Quadratic Functions in Vertex Form
Quadratic functions in vertex form are expressed as:
\[ f(x) = a(x - h)^2 + k \]
This form highlights the vertex \((h, k)\) of the parabola, making it easy to analyze the graph's properties such as the vertex, axis of symmetry, and intercepts.
The graph of a quadratic function is a parabola, a U-shaped curve. By changing the coefficients \(a\), \(h\), and \(k\), you can explore how the parabola transforms.
A - Vertex, Maximum, and Minimum Values
For \( f(x) = a(x - h)^2 + k \), the term \((x - h)^2\) is always non-negative:
\[ (x - h)^2 \ge 0 \]
Multiplying by coefficient \(a\) leads to two cases:
- Case 1: \(a > 0\) (positive)
\[ a(x - h)^2 \ge 0 \Rightarrow a(x - h)^2 + k \ge k \Rightarrow f(x) \ge k \]
Hence, \(k\) is the minimum value of \(f\), occurring at the vertex \((h, k)\).
- Case 2: \(a < 0\) (negative)
\[ a(x - h)^2 \le 0 \Rightarrow a(x - h)^2 + k \le k \Rightarrow f(x) \le k \]
Hence, \(k\) is the maximum value of \(f\), also at the vertex \((h, k)\).
Thus, the vertex \((h, k)\) is a minimum point if \(a > 0\) and a maximum point if \(a < 0\).
Example: Identify the Vertex and Extremum Type
Find the vertex of each function and classify it as a minimum or maximum point.

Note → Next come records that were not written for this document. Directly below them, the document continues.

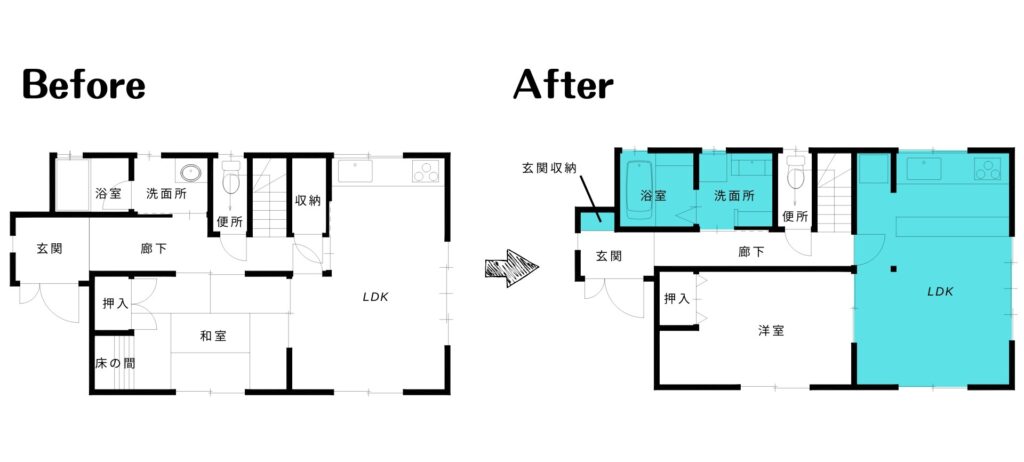 LDKに収納部分を取り入れ少し拡張し、洗面所と浴室部分は、廊下側に拡張しました。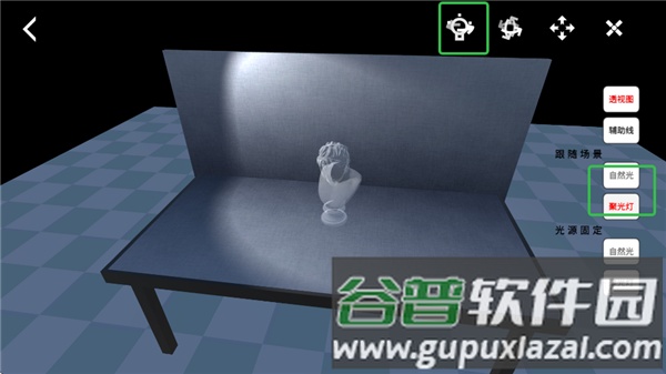 4、进行打光练习时,选择可移动光源,点击上方按钮并拖动,即可调整光源位置。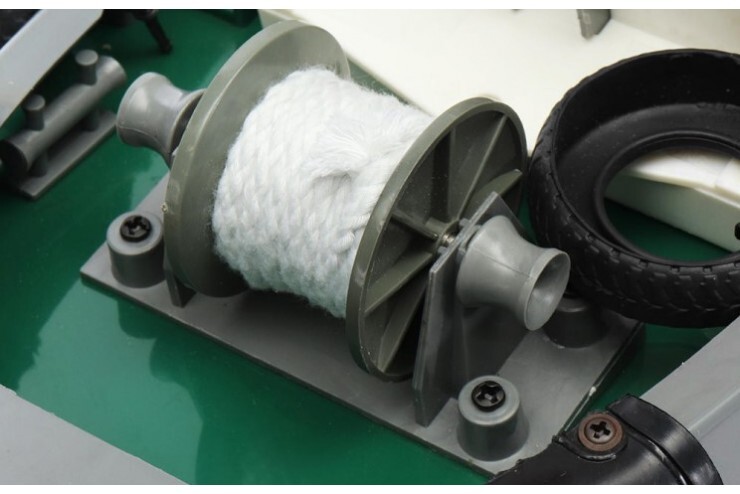 корпусом, оснащен подъемным краном, спасательной лодкой и резиновыми покрышками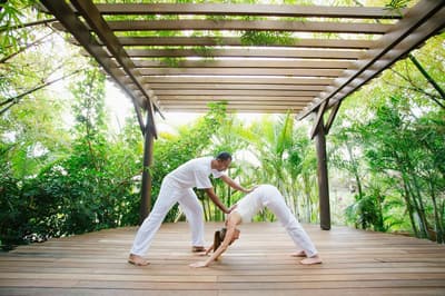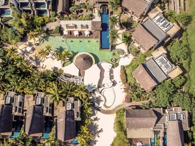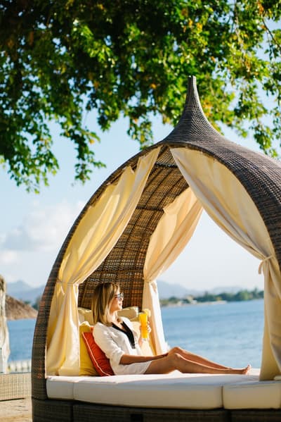 Ce spot éco-friendly a un goût de paradis ! Avec le doux parfum des frangipaniers et autres bougainvilliers dans les jardins, et l’eau turquoise et le sable doré en guise de point de vue... Côté déco, c’est d’inspiration coloniale, avec du bois foncé, des ventilos au plafond, des salons ouverts sur l’extérieur. L’hôtel, niché dans une crique isolée, abrite de petites bâtisses de trois niveaux aux toits de chaume, qui bordent une piscine tout en courbes. Vous déjeunez sur une table dressée les pieds dans l’eau, car installée dans une partie très peu profonde du bassin aux airs de lagon : les kids adorent ! Et le soir, c’est table pour deux, en amoureux, sur la plage. Même sensation d’évasion dans une baignoire XXL en extérieur, face à la mer, ou sur la terrasse d'une suite qui se prolonge d’une piscine à débordement. Qu'on vienne ici en duo ou en tribu, tout est pensé pour décompresser. A commencer par le fait de profiter d’un massage ayurvédique ou d’une séance de watsu au spa ! Sans oublier la séance de yoga sur la plage, en petit comité, à l’heure où le soleil se couche...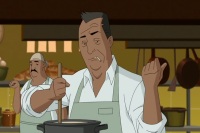 One night, the Harley Quinn waitress at Superbabes brought the orders to four men in a booth. One of the men reached under her skirt despite Harley's warning. She threw him to the floor and broke his arm. She turned the rest of the men and asked if there was anything else she could do for them. They all declined. The man complained to Chick, the proprietor. He continued stirring a pot and gestured to the Wonder Woman-themed warning sign "Look all you want but don't touch the girls."

- \( f(x) = -(x + 2)^2 - 1 \)
- \( f(x) = -x^2 + 2 \)
- \( f(x) = 2(x - 3)^2 \)
Solution:
- Rewrite as \( f(x) = -(x - (-2))^2 - 1 \). Here \(a = -1\), \(h = -2\), \(k = -1\). Vertex: \((-2, -1)\), a maximum (since \(a < 0\)).
- Rewrite as \( f(x) = -(x - 0)^2 + 2 \). Here \(a = -1\), \(h = 0\), \(k = 2\). Vertex: \((0, 2)\), a maximum.
- Rewrite as \( f(x) = 2(x - 3)^2 + 0 \). Here \(a = 2\), \(h = 3\), \(k = 0\). Vertex: \((3, 0)\), a minimum (since \(a > 0\)).
B - X-Intercepts of a Quadratic Function in Vertex Form
The x-intercepts are the real solutions (if any) of the equation:
\[ a(x - h)^2 + k = 0 \]
Solving step-by-step:
\[
\begin{aligned}
a(x - h)^2 &= -k \\
(x - h)^2 &= -\frac{k}{a} \\
x - h &= \pm \sqrt{-\frac{k}{a}} \\
x &= h \pm \sqrt{-\frac{k}{a}}
\end{aligned}
\]
Real solutions exist only when \(-\frac{k}{a} \ge 0\) (i.e., \(-\frac{k}{a}\) is non-negative).
Example: Finding X-Intercepts
Find the x-intercepts for each function.
- \( f(x) = -2(x - 3)^2 + 2 \)
- \( g(x) = -(x + 2)^2 \)
- \( h(x) = 4(x - 1)^2 + 5 \)
Solution:
-
Solve \(-2(x - 3)^2 + 2 = 0\):
\[
\begin{aligned}
-2(x - 3)^2 &= -2 \\
(x - 3)^2 &= 1 \\
x - 3 &= \pm 1 \\
x &= 4 \quad \text{or} \quad x = 2
\end{aligned}
\]
X-intercepts: \((4, 0)\) and \((2, 0)\).
-
Solve \(-(x + 2)^2 = 0\):
\[ x + 2 = 0 \Rightarrow x = -2 \]
One x-intercept at \((-2, 0)\).
-
Solve \(4(x - 1)^2 + 5 = 0\):
\[ 4(x - 1)^2 = -5 \Rightarrow (x - 1)^2 = -\frac{5}{4} \]
No real solution (negative right-hand side). Hence, no x-intercepts.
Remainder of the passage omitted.